Cela peut arriver à tout âge, mais cela touche plus souvent les adultes sexuellement actifs. Chez les femmes, les douleurs après l’orgasme sont plus fréquentes pendant la grossesse, après un accouchement ou à l’approche de la ménopause. Chez les hommes, elles sont plus communes après 40 ans.
Symptômes
- Douleur brutale et très intense (comme un coup de poignard) dans le bas-ventre ou le bas du dos
- Saignement abondant (pas juste quelques gouttes)
- Fièvre élevée (plus de 39°C) avec frissons
- Impossibilité d’uriner ou rétention urinaire
- Malaise, vertiges ou perte de connaissance
- Chez la femme : douleur brutale dans le bas-ventre avec signes de choc (peau pâle, sueurs, accélération du cœur)
- ⚠Douleur persistante qui ne passe pas après quelques heures
- ⚠Sensation de brûlure en urinant (possible infection urinaire)
- ⚠Écoulement inhabituel (sang, pus) par l’urètre (homme) ou le vagin (femme)
- ⚠Gêne qui réapparaît à chaque rapport sexuel
- ⚠Douleur accompagnée de nausées ou vomissements sans raison apparente
Symptômes courants
- Sensation de crampe ou de spasme dans le bas-ventre ou le bassin juste après l’orgasme
- Douleur sourde ou lancinante qui dure de quelques minutes à plusieurs heures
- Brûlure en urinant après un rapport (surtout chez la femme)
- Sensation de pression ou de pesanteur dans le rectum ou le périnée (zone entre l’anus et les organes génitaux)

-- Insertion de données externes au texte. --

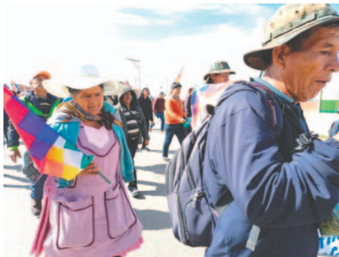
Una de las integrantes de la marcha que se dirige a La Paz

García cuestionó la decisión de Morales al afirmar: “Como ha visto que 30 bolivianos eran
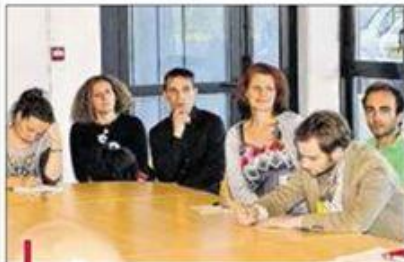
Le comité de bassin d'emploi du Sud Luberon aide les chefs d'entreprise à renforcer leur compétitivité.

Afin de renforcer la compétitivité des entreprises du territoire, le Comité de bassin d'emploi du Sud Luberon (CBE) proposait jeudi dernier dans les locaux de Cotelub une soirée de réflexion "Les Entrepreneurs", réservée aux entrepreneurs. L'objectif de cette soirée était de permettre aux entreprises de connaître le potentiel du territoire et d'imaginer des solutions avec les partenaires locaux, en montant des projets innovants. Une quarantaine de responsables économiques étaient présents à cette seconde soirée de réflexion autour de
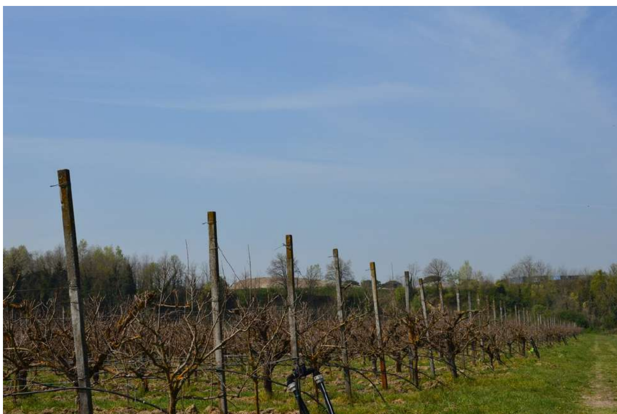
FOTO 006 - La scarpata delle chiuse del Marzeno vista da Via Sbirra
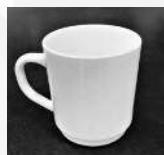
225 mL tasse en verre (café/thé)

- Gêne ou douleur localisée du côté gauche ou droit du bas-ventre
Causes
Causes principales
- Contractions musculaires du plancher pelvien trop fortes ou prolongées (surtout chez la femme)
- Endométriose (quand la muqueuse de l’utérus se développe ailleurs, chez la femme)

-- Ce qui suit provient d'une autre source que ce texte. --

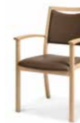
750/15 • Stapelsessel • Mit Armlehnen • Mit Griffleiste

Aus der gleichen Familie sind auch Fauteuils erhältlich.

- Prostatite ou infection de la prostate (chez l’homme)
- Infection urinaire ou infection sexuellement transmissible (IST)
- Kyste ovarien (chez la femme)
- Fissure ou hémorroïde dans la zone anale
- Fibromes utérins (chez la femme)
- Réaction à un médicament (par exemple certains antidépresseurs)
- Stress ou anxiété qui tendent les muscles pendant l’orgasme
Facteurs de risque
- Avoir déjà eu des infections génitales ou urinaires
- Avoir des antécédents d’endométriose, de fibromes ou de kystes ovariens
- Être enceinte ou en période post-partum
- Approcher de la ménopause (baisse des œstrogènes)
- Avoir une prostate volumineuse (hypertrophie bénigne)
- Prendre des médicaments pouvant affecter les contractions musculaires (comme certains médicaments pour la tension ou la dépression)
- Avoir des antécédents de traumatisme pelvien ou de chirurgie dans la zone (césarienne, hystérectomie, etc.)
- Vivre une période de stress important ou d’anxiété
Quand consulter un médecin
Consultez un médecin en urgence si :
- Si la douleur survient soudainement et est très intense
- Si vous avez de la fièvre, des frissons ou des saignements anormaux
- Si vous ne pouvez pas uriner
- Si vous ressentez un malaise général (vertiges, sueurs, nausées)
Prenez un rendez-vous de routine si :
- Si la douleur est légère mais réapparaît régulièrement
- Si elle vous inquiète ou perturbe votre vie sexuelle ou votre bien-être
- Si vous notez d’autres symptômes comme des brûlures urinaires, des pertes inhabituelles ou des douleurs en dehors des rapports
- Si elle est apparue après avoir changé de médicament
Diagnostic
Le médecin généraliste va d’abord vous interroger sur vos symptômes : depuis quand la douleur existe, à quel moment exact elle survient, à quoi elle ressemble, et si elle est associée à d’autres signes. Il vous posera des questions sur votre vie sexuelle, vos antécédents médicaux et vos traitements en cours. Ensuite, selon votre sexe, il pourra faire un toucher vaginal ou rectal pour vérifier l’état des muscles et des organes internes.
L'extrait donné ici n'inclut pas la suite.